Migration Guide: pymarc to mrrc¶
This guide helps existing pymarc users migrate to mrrc (MARC Rust Crate), a high-performance Rust-based MARC library with Python bindings.
Overview¶
mrrc is a Rust-based MARC library with Python bindings, providing:
- High performance Rust implementation with Python convenience
- Full pymarc API compatibility - Drop-in replacement for existing pymarc code
- Type-safe design with comprehensive error handling
- Native Python integration through PyO3 bindings with familiar data structures
- All standard MARC operations including reading, writing, and format conversions
Installation¶
Quick Start¶
Before (pymarc)¶
import pymarc
# Reading records
with open('records.mrc', 'rb') as f:
reader = pymarc.MARCReader(f)
for record in reader:
print(record['245']['a'])
# Writing records
writer = pymarc.MARCWriter(open('output.mrc', 'wb'))
field = pymarc.Field('245', ['1', '0'], [('a', 'Title')])
record = pymarc.Record(to_utf8=True)
record.add_field(field)
writer.write(record)
writer.close()
After (mrrc) - pymarc-Compatible¶
mrrc supports nearly identical pymarc syntax:
import mrrc
# Reading records — pass a file path for best performance.
# Path input uses Rust-native file I/O, which releases the GIL
# and enables true multi-thread parallelism.
reader = mrrc.MARCReader('records.mrc')
for record in reader:
print(record['245']['a']) # pymarc dictionary syntax works!
print(record.title) # Property access (same as pymarc)
# Writing records - inline construction (similar to pymarc)

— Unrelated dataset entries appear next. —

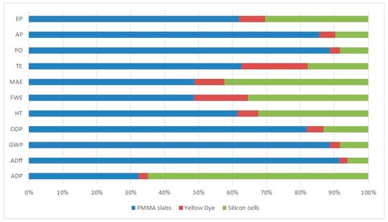Considering the LSC module, the major contributors in all categories (except ADP) were PMMA slabs (from 32% (ADP) to 91% (ADP fossil fuel), followed by the photovoltaic cells (from 6% (ADP fossil fuel) to 65% (ADP)). The contribution of the dye was lower than 8% in all categories, except fresh water ecotoxicity (16%) and terrestrial ecotoxicity (20%).
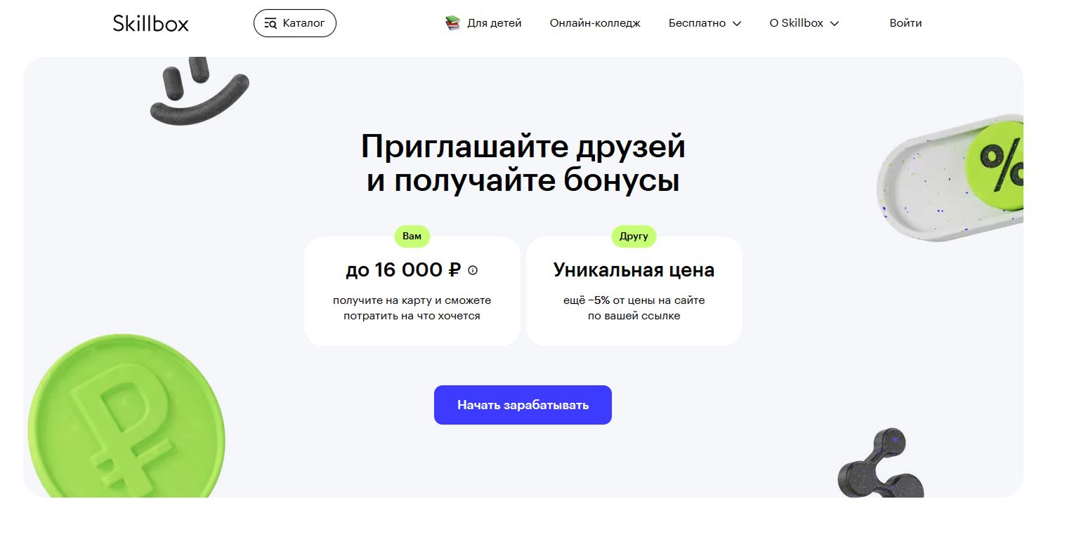 Тот же принцип (RevShare) работает в Skillbox. Российская платформа платит любому партнеру — будь то обычный пользователь с реферальной ссылкой в соцсети или крупный блогер — процент с продаж привлеченных на курсы клиентов.
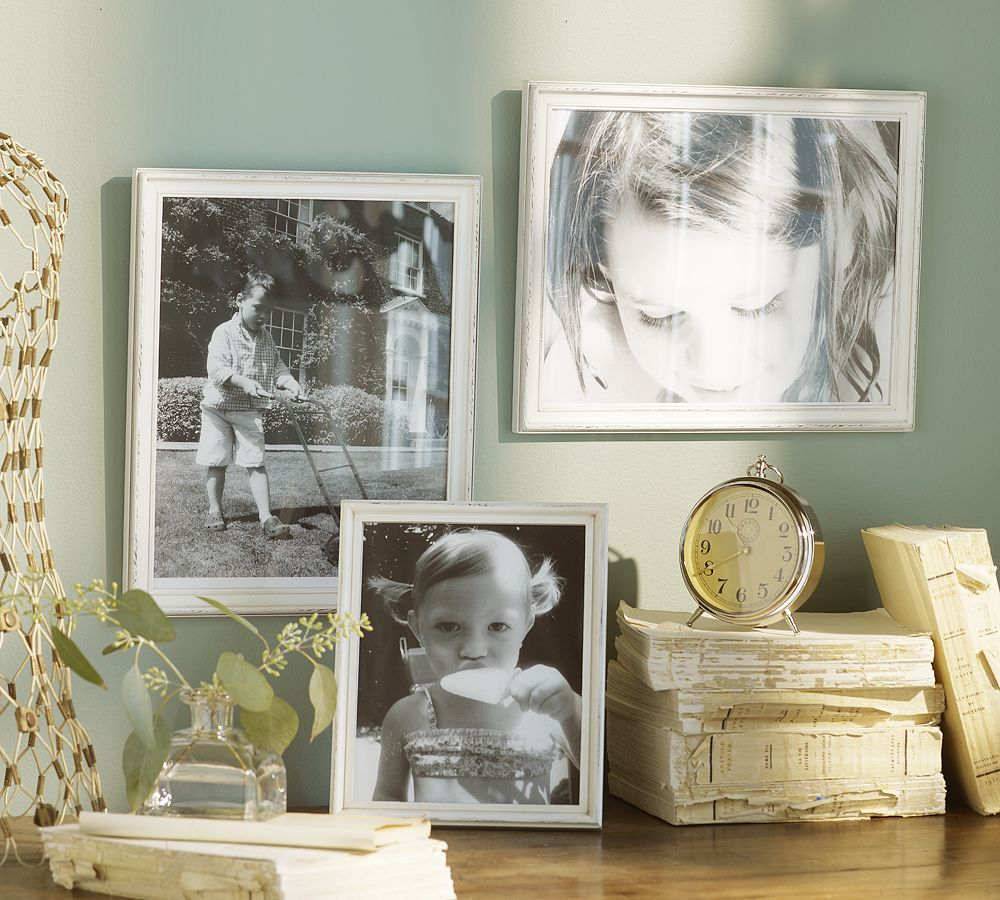 Украшать фотографиями можно любую комнату в доме или квартире. Главное, чтобы выбранный принцип и стиль соответствовал общему духу помещения и перекликался с ним по цветовой гамме и настроению. Если вы не хотите морочиться с формами и размерами, можете действительно купить одинаковые рамки. Но в таком случае их должно быть много, чтоб облицевать ими всю стену, как плиткой. Так можно украсить прихожую или кабинет.

with open('output.mrc', 'wb') as f:
with mrrc.MARCWriter(f) as writer:
record = mrrc.Record(fields=[
mrrc.Field('245', indicators=['1', '0'], subfields=[
mrrc.Subfield('a', 'Title'),
]),
])
writer.write(record)
API Comparison¶
Record Creation¶
| Operation | pymarc | mrrc | Same? |
|---|---|---|---|
| Create empty record | pymarc.Record() |
mrrc.Record() |
Same |
| Create with leader | pymarc.Record(leader) |
mrrc.Record(leader) |
Same |
| Add control field | record.add_field(Field('001', data='value')) |
record.add_control_field('001', 'value') or record.add_field(Field('001', data='value')) |
Similar |
| Add data field | record.add_field(field) |
record.add_field(field) |
Same |
Field Creation¶
| Operation | pymarc | mrrc | Same? |
|---|---|---|---|
| Create field | Field('245', ['1','0'], [('a', 'Title')]) |
Field('245', indicators=['1','0'], subfields=[Subfield('a', 'Title')]) |
Similar |
| Create control field | Field('001', data='12345') |
Field('001', data='12345') |
Same |
| Add subfield | field.add_subfield('a', 'value') |
field.add_subfield('a', 'value') |
Same |
| Add subfield at position | field.add_subfield('a', 'value', pos=2) |
field.add_subfield('a', 'value', pos=2) |
Same |
| Get subfields | field.get_subfields('a') |
field.get_subfields('a') |
Same |
| Access subfield | field['a'] |
field['a'] |
Same |
Reading/Writing¶
| Operation | pymarc | mrrc | Same? |
|---|---|---|---|
| Create reader | MARCReader(file_obj) |
MARCReader('path.mrc') (recommended) or MARCReader(file_obj) |
Enhanced |
| Permissive mode | MARCReader(f, permissive=True) |
MARCReader(f, permissive=True) |
Same |
| Unicode flag | MARCReader(f, to_unicode=True) |
MARCReader(f, to_unicode=True) |
Same |
| Read record | reader.next() or next(reader) |
next(reader) |
Same |
| Write record | writer.write(record) |
writer.write(record) |
Same |
| Iterate | for record in reader: |
for record in reader: |
Same |
| Context manager | Manual close required | with MARCWriter(f) as w: |
Enhanced |
Accessing Data¶
| Operation | pymarc | mrrc | Same? |
|---|---|---|---|
| Get title | record.title |
record.title |
Same |
| Get field | record['650'] |
record['650'] or record.fields_by_tag('650') |
Same |
| Check if field exists | '245' in record |
'245' in record |
Same |
| Get all fields | for field in record: |
for field in record: |
Same |
| Control field data | record['001'].data |
record['001'].data or record.control_field('001') |
Same |
| Missing field | record['999'] raises KeyError |
record['999'] raises KeyError |
Same |
| Safe field access | record.get('999') returns None |
record.get('999') returns None |
Same |
API Compatibility¶
mrrc provides excellent pymarc API compatibility with support for all major operations:
Record Field Access - Dictionary-Style (Identical to pymarc)¶
# Dictionary-style access works exactly like pymarc
field = record['245'] # Get first 245 field (raises KeyError if missing)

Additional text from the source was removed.